Transforming and Analyzing Data in PostgreSQL

This article is part of a three-part series on transforming and analyzing data in PostgreSQL. For more articles in this series, click here.

In our data hungry world, knowing how to effectively load and transform data from various sources is a highly valued skill. Over the last couple of years, I’ve learned how useful many of the data manipulation functions in PostgreSQL can supercharge your data transformation and analysis process, using just PostgreSQL and SQL.

For the last couple of decades, “Extract Transform Load” (ETL) has been the primary method for manipulating and analyzing the results. In most cases, ETL relies on an external toolset to help acquire different forms of data, slicing and dicing it into a form suitable for relational databases, and then inserting the results into your database of choice. Once it’s in the destination table with a relational schema, querying and analyzing it is much easier.

There are advantages to using a dedicated transformation tool in your workflow. Typically, a small team learns the software and handles all this work, so licensing is clear, and the best tools often allow reusable components that make it easier to build transformation pipelines. However, there are also drawbacks. Most notably, your ability to manipulate the data is tied to an extra tool, and often one that only the small team knows how to use.

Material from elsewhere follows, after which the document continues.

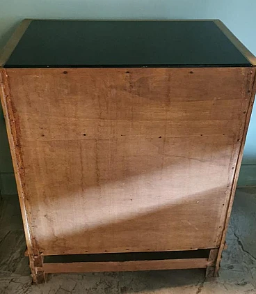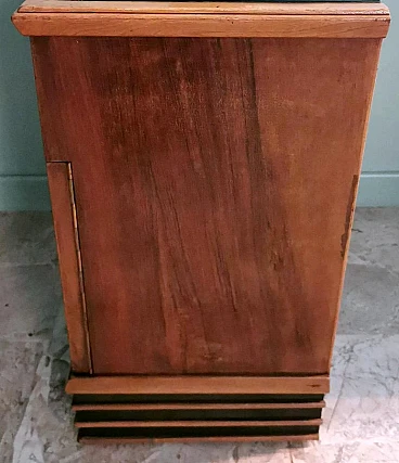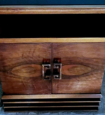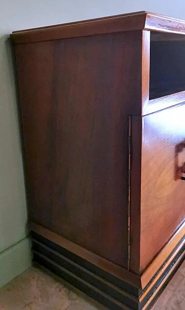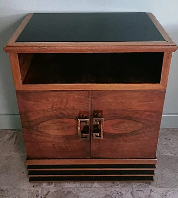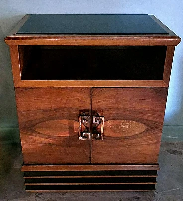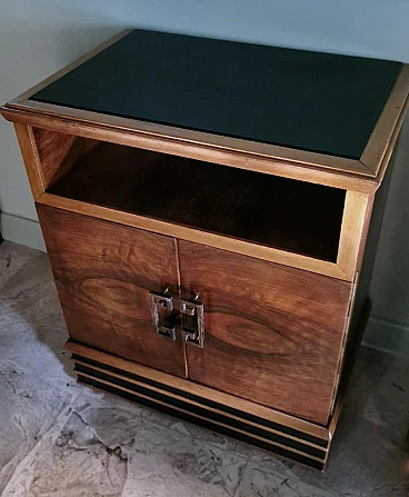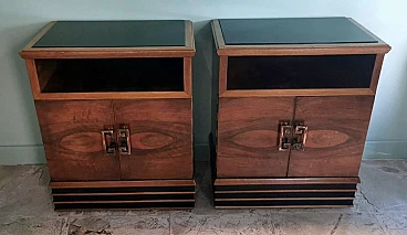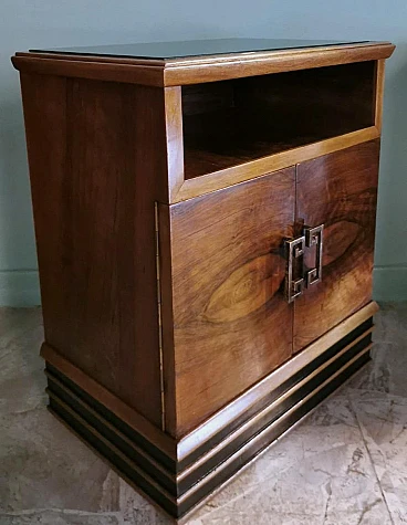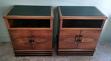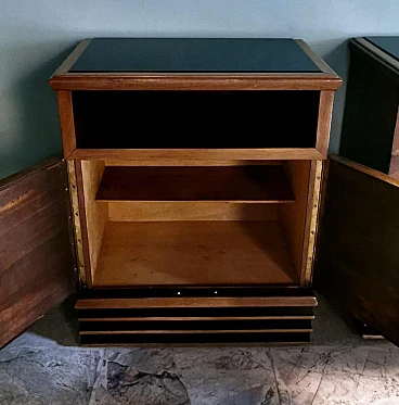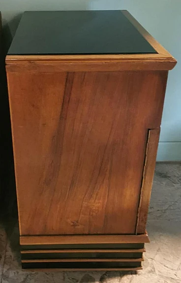 We advise you to read the entire description, as we try to provide you with detailed technical and historical information to guarantee the authenticity of our objects. A particular and interesting pair of Italian bedside tables in walnut; on each bedside table, an elegant black glass is housed on the upper shelf; the space underneath is efficient and functional; the large lower compartment is closed by two doors, and inside it is divided by a useful shelf; very elegant is the workmanship under the doors, which serves as a base for the bedside table; the doors themselves have been cleverly hinged on the side of the bedside table. The handles, in burnished brass, are not from the period but were replaced at a later date. The bedside tables were created between 1930 and 1935 in a craft workshop in Cantù, a town in the province of Como in Lombardy (Italy), renowned for its tradition in the production of luxury furniture and long regarded as an important centre for furniture craftsmanship with a reputation established over the years for the creation of high-quality pieces. The Cantù companies have always supplied furniture for a high-end clientele, which included both private individuals and luxury furnishing projects for hotels, restaurants and prestigious residences all over the world. The bedside tables were made from normal walnut wood, then an unusually strong and robust veneer was made from a superior quality of walnut, the best part of the 'Juglans regia' wood called 'national walnut' or 'European walnut' was used. Walnut (Juglans regia) is a valuable and expensive hardwood; its colours, flaming and grain have been appreciated for centuries. It is a wood with an incomparable aesthetic appearance. Walnut furniture is highly sought after but also expensive because the proportion of usable wood in each plant is very small. Veneering is an ancient woodworking technique that involves the application of a thinner layer of precious wood on a substrate of normal quality walnut wood; the precious walnut wood is harvested from trees cultivated specifically for this purpose, then it is cut into thin sheets whose thickness varies from 1 to 2 millimetres, in the case of our nightstands this thickness is greater; the base wood is prepared by applying a special glue, then the fine walnut sheets are applied manually and evenly; after this process, the whole is pressed and left to dry, allowing the glue to adhere firmly between the fine walnut wood and the substrate, creating a stable veneer; this, once dry, is finished by sanding, polishing and the application of protective finishes, such as varnish or oil, to improve the appearance and durability of the wood. The history of veneering dates back many centuries; it is believed that it was first used in ancient Egypt and China. Over the centuries, this technique has spread throughout the world and has continued to evolve, becoming an important part of the production of high-quality furniture, luxury goods and Objet d'art. This ancient technique, applied to our bedside tables, has made it possible to enhance the colours, flaming and grain of the precious flamed walnut. Our craftsmen have completely restored the wooden structure by hand and the items are in excellent condition. Width 57 cm, depth 37 cm, height 68 cm. For all our shipments we use special packaging materials (wooden crates, polystyrene, etc.) to ensure maximum protection and safety of the objects.

What if you could flip the process around a bit and load the data into PostgreSQL before you transform it, using the power of SQL?

We call this the “Extract Load Transform” (ELT) method. And PostgreSQL happens to be very well suited for doing some pretty complex transformations if you know a few basic principles.

In this series, we’re going to discuss:

  • PostgreSQL functions that can slice and dice raw data to make it easier to query
  • How to use those functions with a CROSS JOIN LATERAL to unlock the power of these functions.
  • Using CTEs to build complex queries with functions and CROSS JOIN LATERAL

I hope by the end of this series you’ll appreciate the capabilities of PostgreSQL and some of the advantages for doing data transformation within the database. And although I won’t talk much about some of the challenges with doing ELT in the database, there are a few things to keep in mind.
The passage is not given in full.